The idea being if a whole region like America goes down it will fail over to Europe (very useful as seen with AWS downtime).

After bringing several Relays up I replaced the current DNS entry for streaming with the global geo DNS name taking out all user traffic from the old Production instance.

New Relic NGINX plugin with active and dropped connections

This allowed me to have about ten times more concurrent users with a fifth of the previous cost of one instance on Rackspace thanks to the reduced transfer charges.

New Airtime.

Airtime was also moved to a new provider using S3 to keep all current audio so it can still be used if there are problems at the studio and enforcing a backup of all shows on S3.

New Master

After having all the relays in Production I focused on automating the Master instance.

The biggest changes were on the actual source failover in the master which now had three sources as priority.

The first one is the studio which connects to the Icecast Master. In case of studio being switched off or having issues it will fail-over to a second studio (this is a mobile studio mostly used for guests).

In case the second studio is offline it will failover to the new Airtime.
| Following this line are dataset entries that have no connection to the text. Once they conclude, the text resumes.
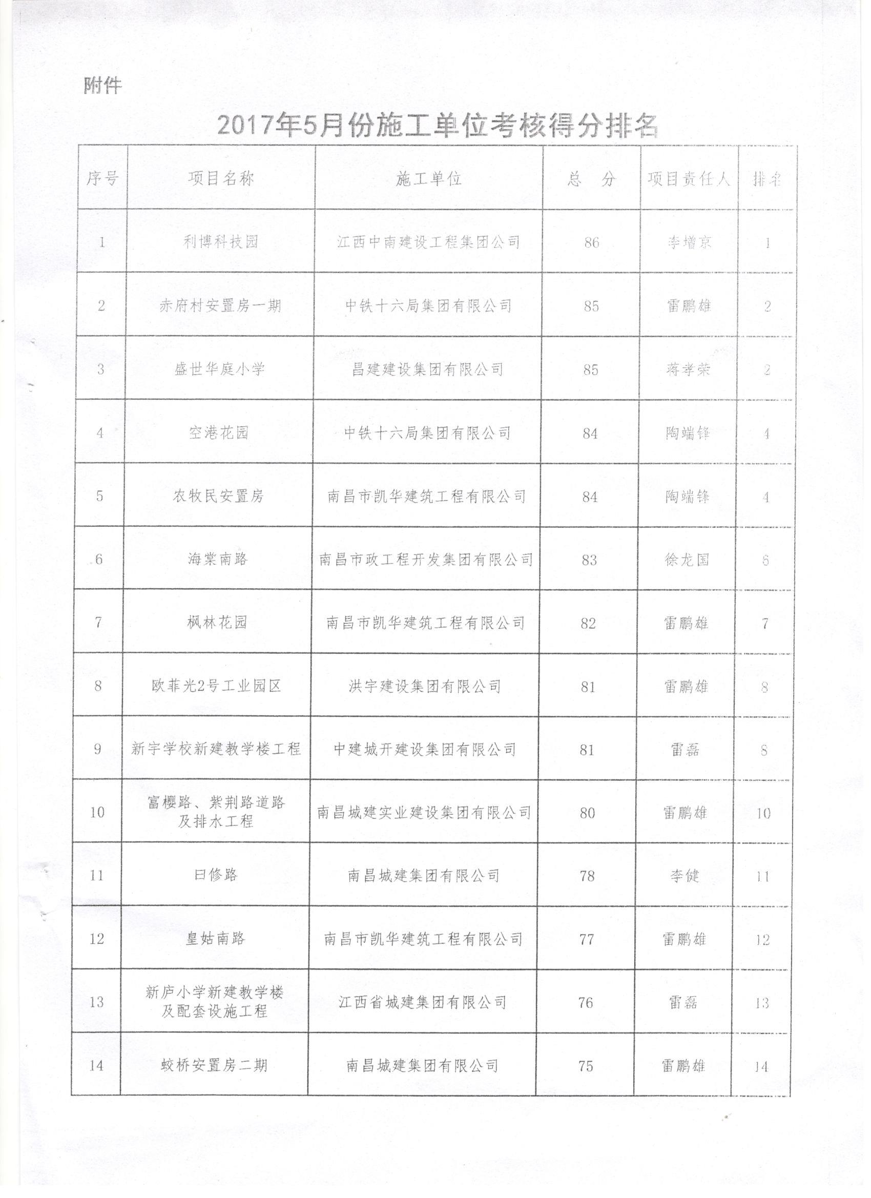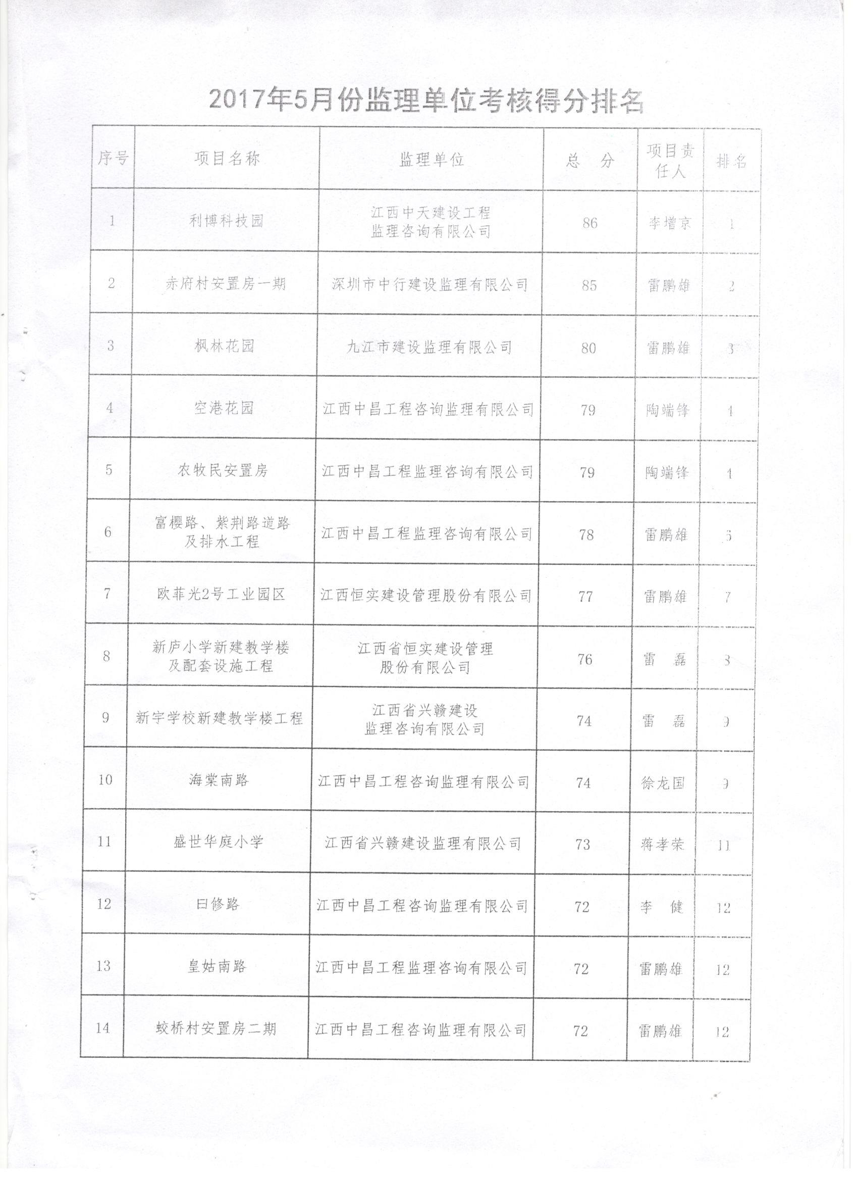 金开江南(中国)2017年5月施工、监理考核公布啦!
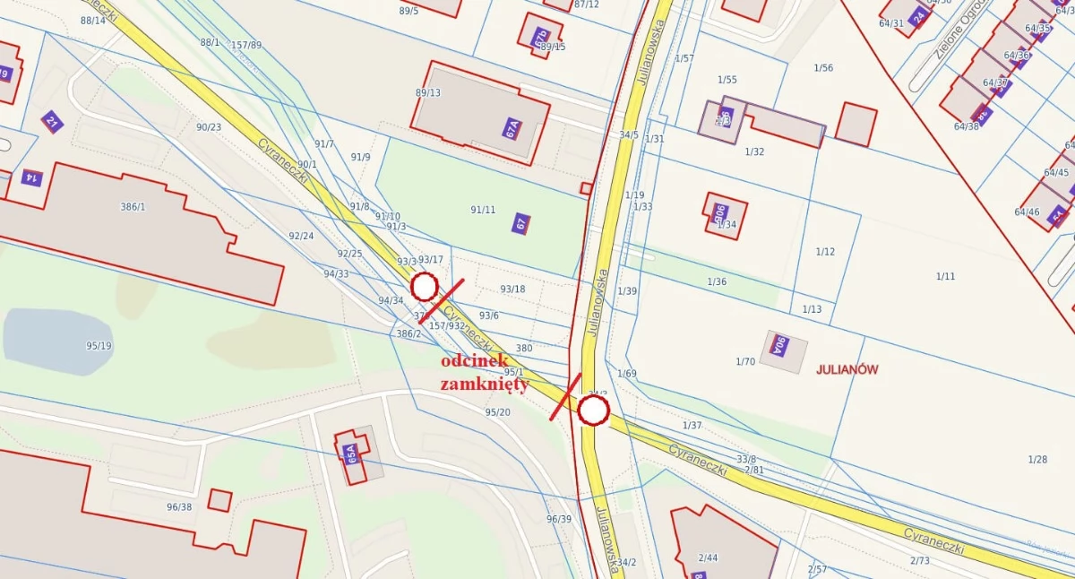 W związku z pierwszym etapem przebudowy skrzyżowania ulic Cyraneczki i Julianowskiej w Józefosławiu, od piątku 20.03.2026 r. do odwołania zamknięty dla ruchu zostaje zachodni wlot ul. Cyraneczki w ul. Julianowską.
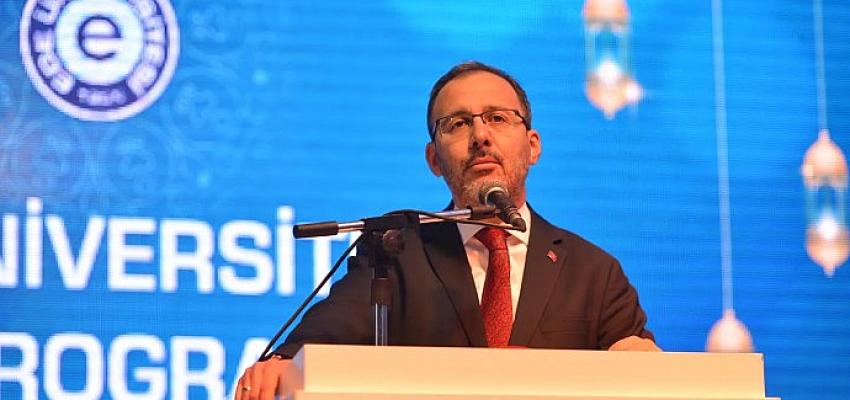 Gençlik ve Spor Bakanı Dr. Mehmet Muharrem Kasapoğlu, “Böylesine kutlu bir ayda, bir bereket ikliminde bir mağfiret, rahmet ikliminde sizlerle bir aradayız. Bizleri böylesine güzel bir vesileyle buluşturan Rabbimize hamdediyoruz. Ramazanlar, manevi duygularımızın en yoğun olduğu aylar. Ben gençlerimizle de bu vesileyle her bir iftar sofrasında farklı bir ilde, farklı bir yurtta bir araya gelmeye çalışıyorum. Bugün iftar öncesi Zübeyde Hanım Yurdundaki öğrencilerimizle beraberdik. Gece sahurda ise, İnciraltı Yurdundaki öğrencilerimizle beraberdik. Bu vesileyle bu güzel organizasyonda emeği geçen başta kıymetli Ege Üniversitesi Rektörümüz Prof. Dr. Necdet Budak'a, değerli üniversite yönetimimize ve burada bizlerle beraber olan herkese canı gönülden teşekkürlerimi sunuyorum” dedi.
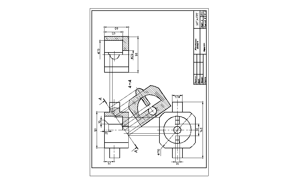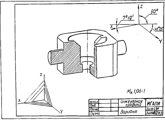 Задание выполняется на листе формата А3. Вид аксонометрического изображения (изометрия или диметрия) указан в задании листа 4.

Now using Airtime with 24h of content it allows to fail over to previous content in case of connection problems from the studio — without the need for a manual switchover.

Icecast Relay configuration on Chef

Several fail-over tests were done pre-Production to ensure Relays would switch between the old Master and the new automated Master instance.

A copy of Master with no traffic was also added to fail-over if there’s any downtime with the Master instance but there is the problem that all Relays need to restart Icecast to bind to the new IP.

The actual move between the Master instances was done in off peak hours around 5am to ensure the minimum number of listeners and any unknown unknowns from the old Master instance.

Master on Opsworks and ‘Canary’ Relay

I’m still not completely happy with the way Masters are setup as it is still a single point of failure and you might have to scale one out vertically. Although a Master can handle hundreds to thousands of Relays and you can even scale it even further by adding another tier of Relays.

Another way in the future to scale it out horizontally would be to separate different channels onto different Masters.

Results

Icecast Diagram

The new streaming architecture is much more reliable than the previous one.

It is much more configurable and readable using its automation as documentation and the continuous integration process allows me to be sure that the creation or update of a new Relay or Master will work with all current features.

I was also able to provide an architecture that handles ten times more traffic for a small part of the cost and is highly scalable horizontally.

The metrics and monitoring also allowed me to tweak the platform to the actual user needs by adding Relays closer to users in the US whose TTFB is now under 200ms from several seconds to connect to the EU master.

Also to have leaner instances by removing unnecessary formats in Liquidsoap.

Current round-robin/health checks on DNS allows me to have a degraded performance and not worry about the whole streaming going out as well as realtime alerts.

The whole process took about a month.